- [Try it]
In the copy, include no images. Reproduce the entries exactly.

START Available data

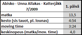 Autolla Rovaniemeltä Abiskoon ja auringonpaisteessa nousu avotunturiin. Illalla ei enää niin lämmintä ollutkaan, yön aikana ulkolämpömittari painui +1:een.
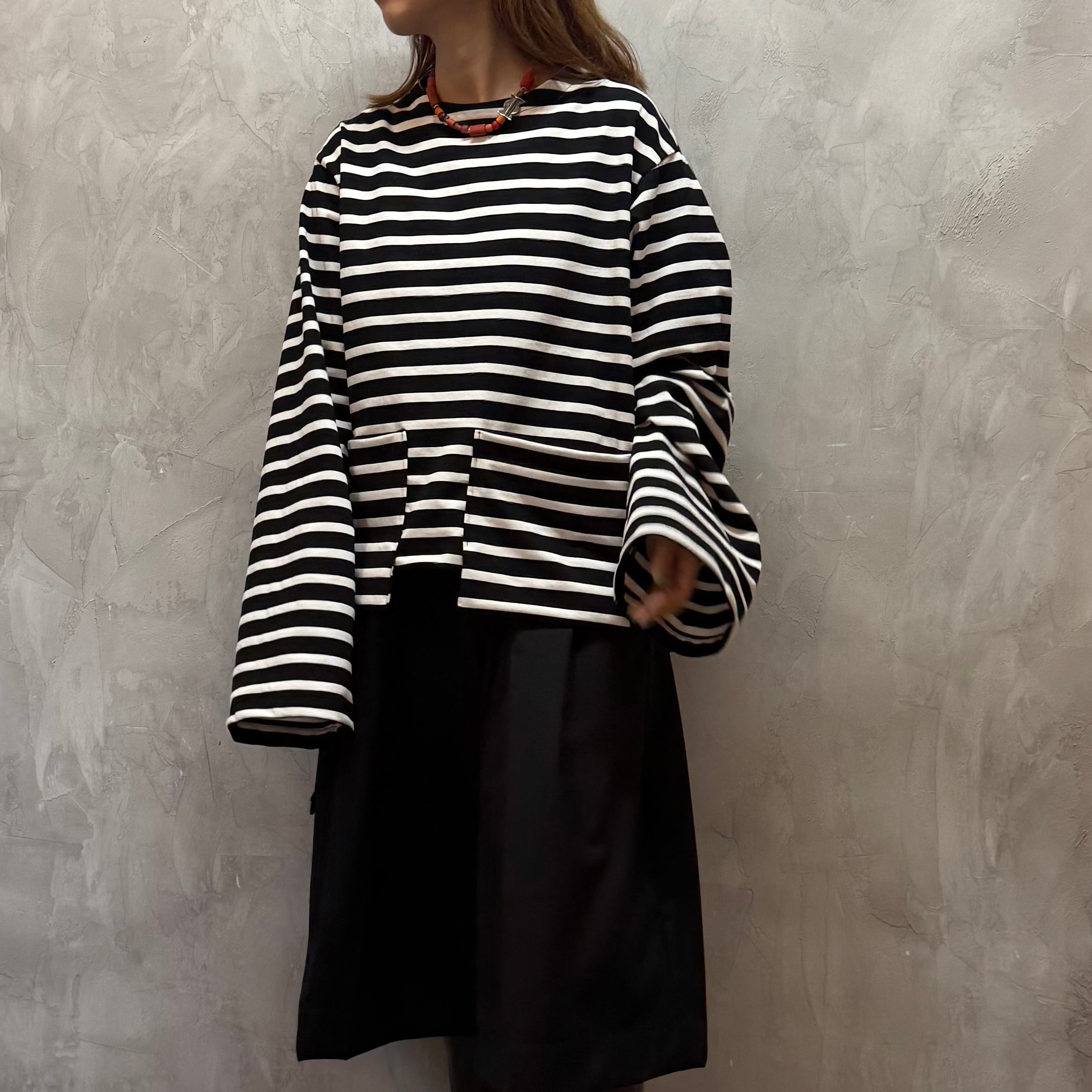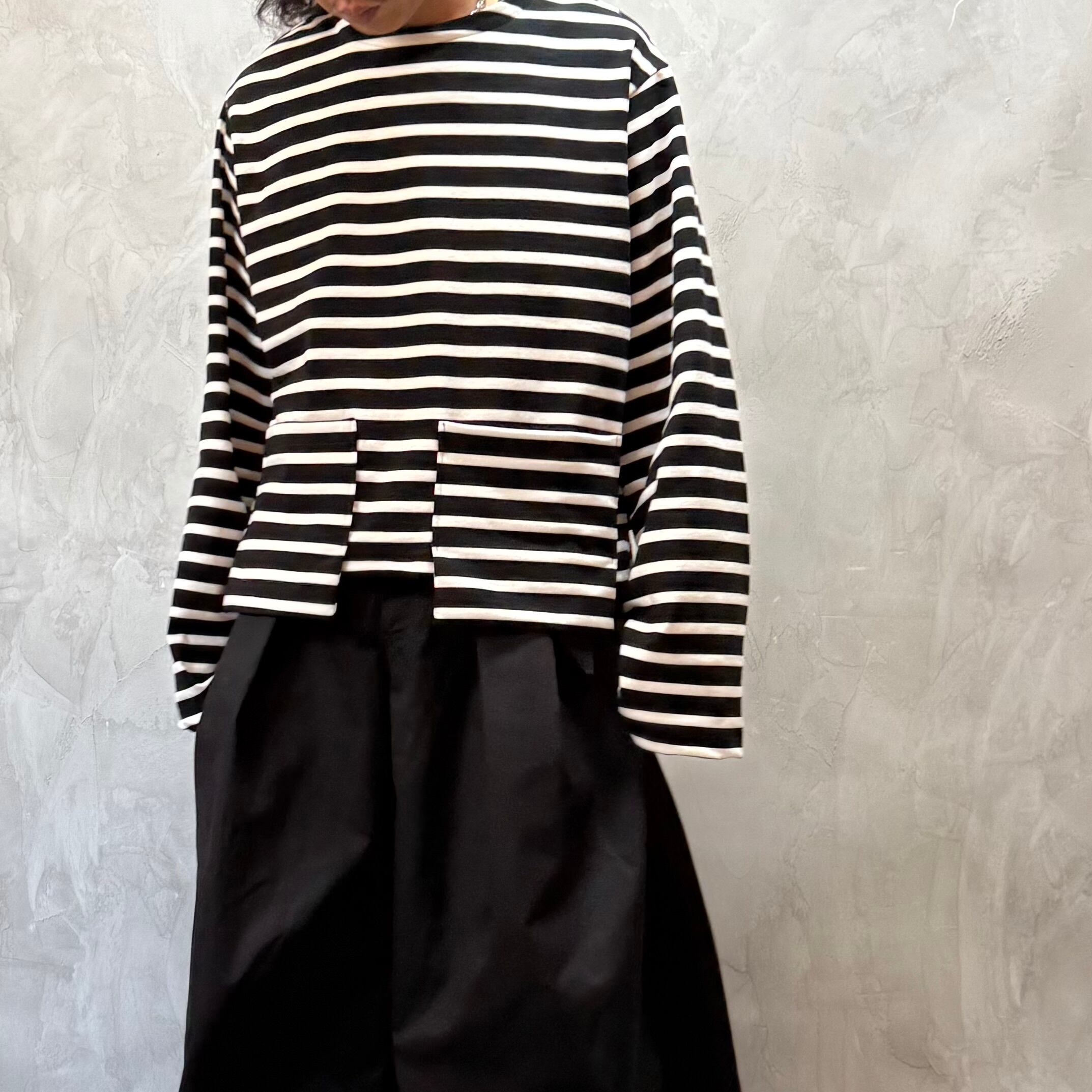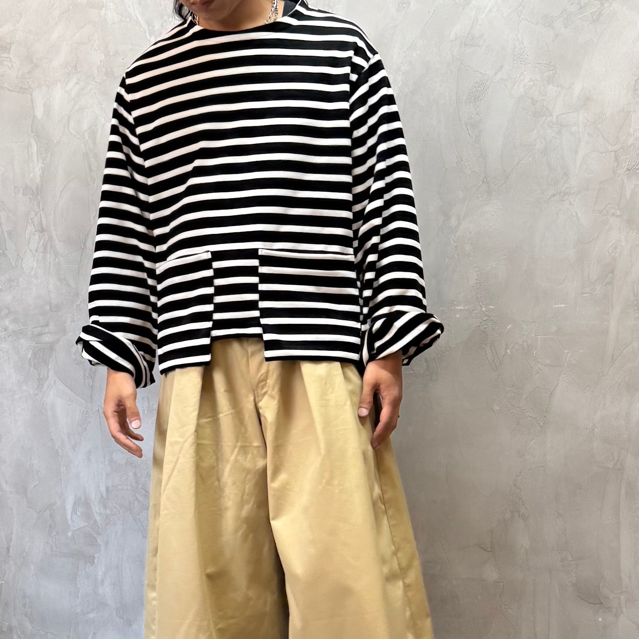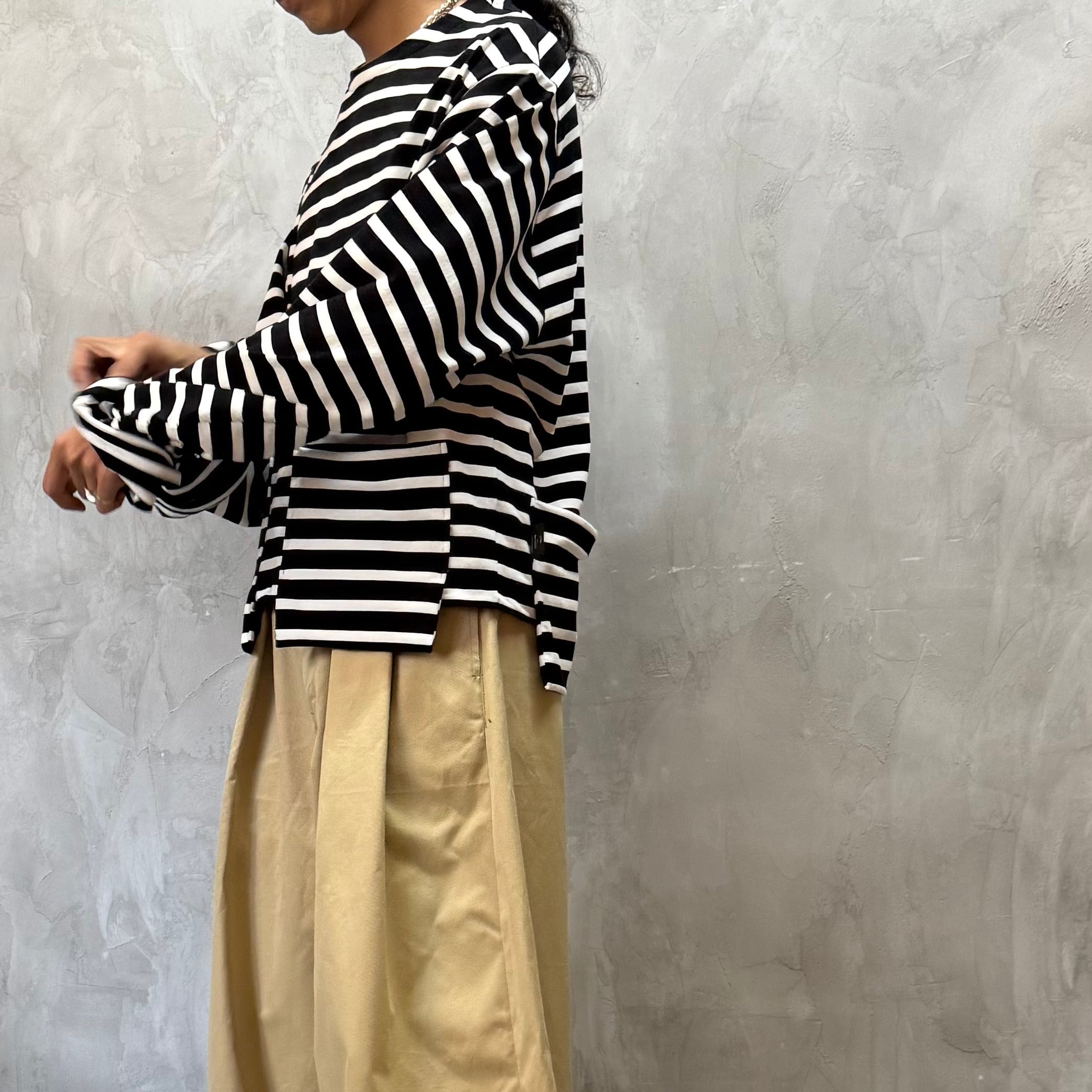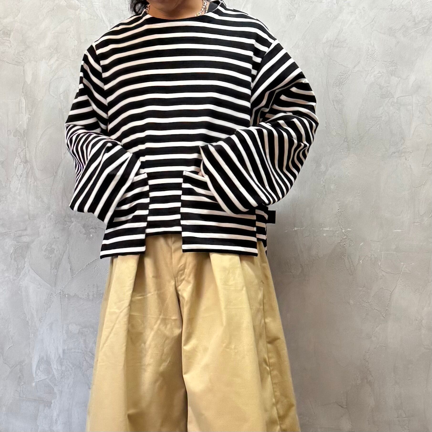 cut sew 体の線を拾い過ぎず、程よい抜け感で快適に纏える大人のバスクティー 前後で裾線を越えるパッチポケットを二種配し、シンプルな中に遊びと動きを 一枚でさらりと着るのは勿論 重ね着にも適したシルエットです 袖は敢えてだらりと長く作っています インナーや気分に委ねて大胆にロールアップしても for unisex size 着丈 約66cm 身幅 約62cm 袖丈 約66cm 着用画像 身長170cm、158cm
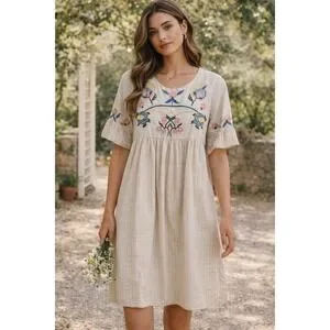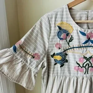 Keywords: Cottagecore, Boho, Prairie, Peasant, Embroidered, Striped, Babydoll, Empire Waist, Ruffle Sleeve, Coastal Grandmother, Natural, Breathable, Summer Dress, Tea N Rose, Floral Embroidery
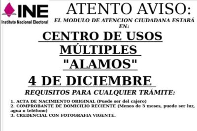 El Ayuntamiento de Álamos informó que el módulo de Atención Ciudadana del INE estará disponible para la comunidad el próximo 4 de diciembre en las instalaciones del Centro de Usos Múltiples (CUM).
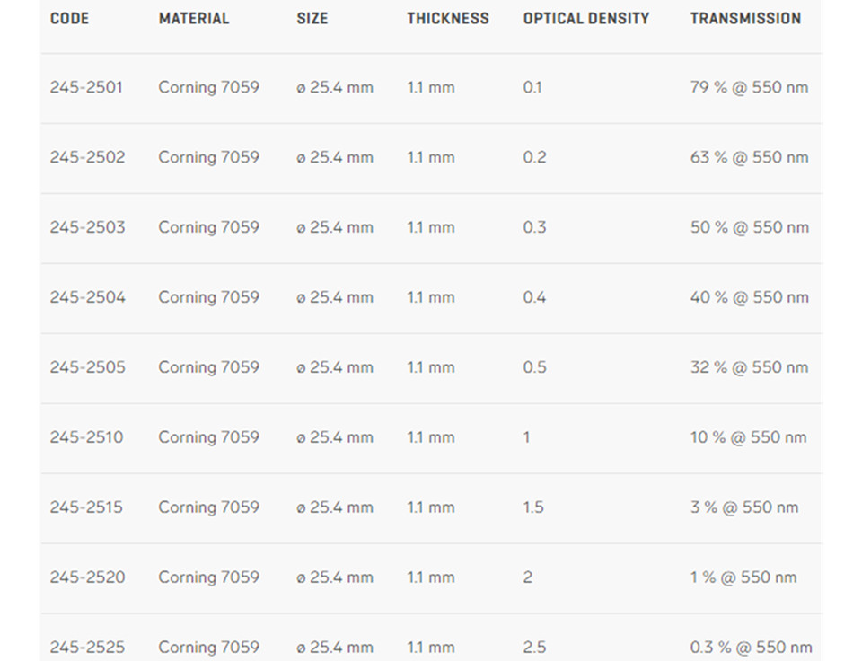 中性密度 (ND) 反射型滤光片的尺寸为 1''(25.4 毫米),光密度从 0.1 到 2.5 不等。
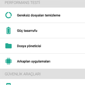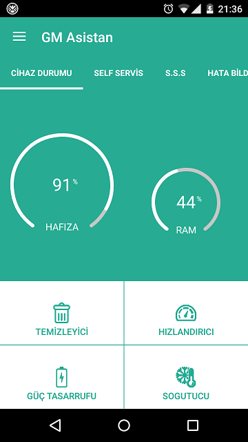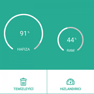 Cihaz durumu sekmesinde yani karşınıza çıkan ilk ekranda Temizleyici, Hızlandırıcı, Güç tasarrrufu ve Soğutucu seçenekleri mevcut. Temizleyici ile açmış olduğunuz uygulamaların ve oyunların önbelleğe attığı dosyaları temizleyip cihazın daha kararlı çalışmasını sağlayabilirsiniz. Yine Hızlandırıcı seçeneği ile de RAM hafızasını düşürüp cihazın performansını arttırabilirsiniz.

END Available data

- [Answer to this task]
 Autolla Rovaniemeltä Abiskoon ja auringonpaisteessa nousu avotunturiin. Illalla ei enää niin lämmintä ollutkaan, yön aikana ulkolämpömittari painui +1:een.
 cut sew 体の線を拾い過ぎず、程よい抜け感で快適に纏える大人のバスクティー 前後で裾線を越えるパッチポケットを二種配し、シンプルな中に遊びと動きを 一枚でさらりと着るのは勿論 重ね着にも適したシルエットです 袖は敢えてだらりと長く作っています インナーや気分に委ねて大胆にロールアップしても for unisex size 着丈 約66cm 身幅 約62cm 袖丈 約66cm 着用画像 身長170cm、158cm
 Keywords: Cottagecore, Boho, Prairie, Peasant, Embroidered, Striped, Babydoll, Empire Waist, Ruffle Sleeve, Coastal Grandmother, Natural, Breathable, Summer Dress, Tea N Rose, Floral Embroidery
 El Ayuntamiento de Álamos informó que el módulo de Atención Ciudadana del INE estará disponible para la comunidad el próximo 4 de diciembre en las instalaciones del Centro de Usos Múltiples (CUM).
 中性密度 (ND) 反射型滤光片的尺寸为 1''(25.4 毫米),光密度从 0.1 到 2.5 不等。
 Cihaz durumu sekmesinde yani karşınıza çıkan ilk ekranda Temizleyici, Hızlandırıcı, Güç tasarrrufu ve Soğutucu seçenekleri mevcut. Temizleyici ile açmış olduğunuz uygulamaların ve oyunların önbelleğe attığı dosyaları temizleyip cihazın daha kararlı çalışmasını sağlayabilirsiniz. Yine Hızlandırıcı seçeneği ile de RAM hafızasını düşürüp cihazın performansını arttırabilirsiniz.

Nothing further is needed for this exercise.